William Davies writes in the London Review of Books:

Home secretaries see the world in Hobbesian terms, as a dangerous and frightening place, in which vulnerable people are robbed, murdered and blown up, and these things happen because the state has failed them. What’s worse, lawyers and Guardian readers – who are rarely the victims of these crimes – then criticise the state for trying harder to protect the public through surveillance and policing.

Well observed. Davies argues that Theresa May’s outlook may have predated her Home Secretaryship:

…Theresa May’s long tenure (six years) and apparent comfort at the Home Office suggests that the mindset may have deepened in her case or meshed better with her pre-existing worldview… For her, the first duty of the state is to protect, as Hobbes argued in 1651, and this comes before questions of ‘left’ and ‘right’.

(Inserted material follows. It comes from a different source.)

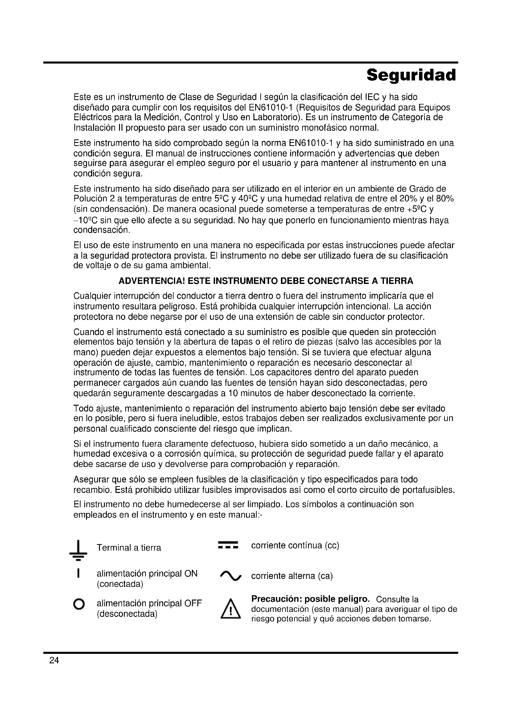 corriente alterna (ca) alimentación principal OFF (desconectada) Precaución: posible peligro. Consulte la documentación (este manual) para averiguar el tipo de riesgo potencial y qué acciones deben tomarse.25 Instalación Tensión de la Red Eléctrica Este instrumento tiene un rango de entrada universal y funcionará sin necesidad de ajustes en suministros eléctricos de 115V o 230V. Compruebe que el suministro local satisface los requisitos de entrada CA que se estipulan en Especificaciones. Cable de red Conectar el instrumento al suministro de CA usando el cable de la red incluido. Si requiere un enchufe de la red para una toma de energía diferente, deberá utilizar un conjunto de cable de la red aprobado con la capacidad adecuada provisto del enchufe de pared requerido y un conector IEC60320 C13 para el extremo del instrumento. Para determinar la capacidad mínima de corriente del conjunto del cable para el suministro de CA específico, leer las Especificaciones o la información referente a la potencia de salida del equipo. ADVERTENCIA! ESTE INSTRUMENTO DEBE CONECTARSE A TIERRA Cualquier interrupción del conductor a tierra dentro o fuera del instrumento implicaría que el instrumento resultara peligroso. Está prohibida cualquier interrupción intencional. Ventilación El suministro de fuerza es muy eficaz pero puede generar mucho calor a fuerza plena. El suministro depende de enfriamiento por convección solamente y por lo tanto es importante que la ventilación no esté restringida si se quiere mantener el rendimiento y la seguridad. Conexiones Todas las conexiones se efectuan desde el panel delantero. La carga se ha de conectar a los terminales positivo (rojo) y negativo (negro) marcados OUTPUT (Salida). Conecte a una o ambas salidas, según corresponda al modo seleccionado, ver el apartado Operación.

Does it, really? Does not the question of whom and against whom to protect come first? Yes, all elites are Hobbesian to some degree. Some elite minds may even believe that “all men are liars” and worse. However, the most influential establishment thinkers reserve their deepest skepticism for certain subsets of humanity.

Roughly speaking, the Left suspects straight, white, nominally Christian men of Nazi sympathies. Theresa May – if she represents the “new cultural coalition… of working-class Brexiters, pensioners, Daily Mail readers and traditionalists” – should be particularly suspicious of the foreign-born and foreign-looking.

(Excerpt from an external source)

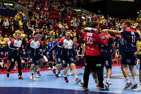 | La joie des Norvégiens après leur succès face à la Suède à l'Euro de handball, le 19 janvier à Malmö. |

The fear of “evil men” roaming about the land in murderous bands can unite elites on the right and left into a new consensus, which would privilege security and social welfare over liberty. The paternalistic state – Davies calls it “protective” – is likely to discriminate: so did the neoliberal state, but it relied on markets – on “rivalry itself” – to pick winners and losers. The “protective state” will probably abandon market criteria in favor of its own value judgments, according to Davies:

The neoliberal state offers no view on what a good company or school or artist looks like. Instead, it uses rankings, contests and markets in order to find out who rises to the top. The question any neoliberal – or liberal for that matter – might now want to ask May is this: on what basis do you distinguish the worthy from the unworthy?

Time will tell, but so far it doesn’t sound like a recipe for minimal government.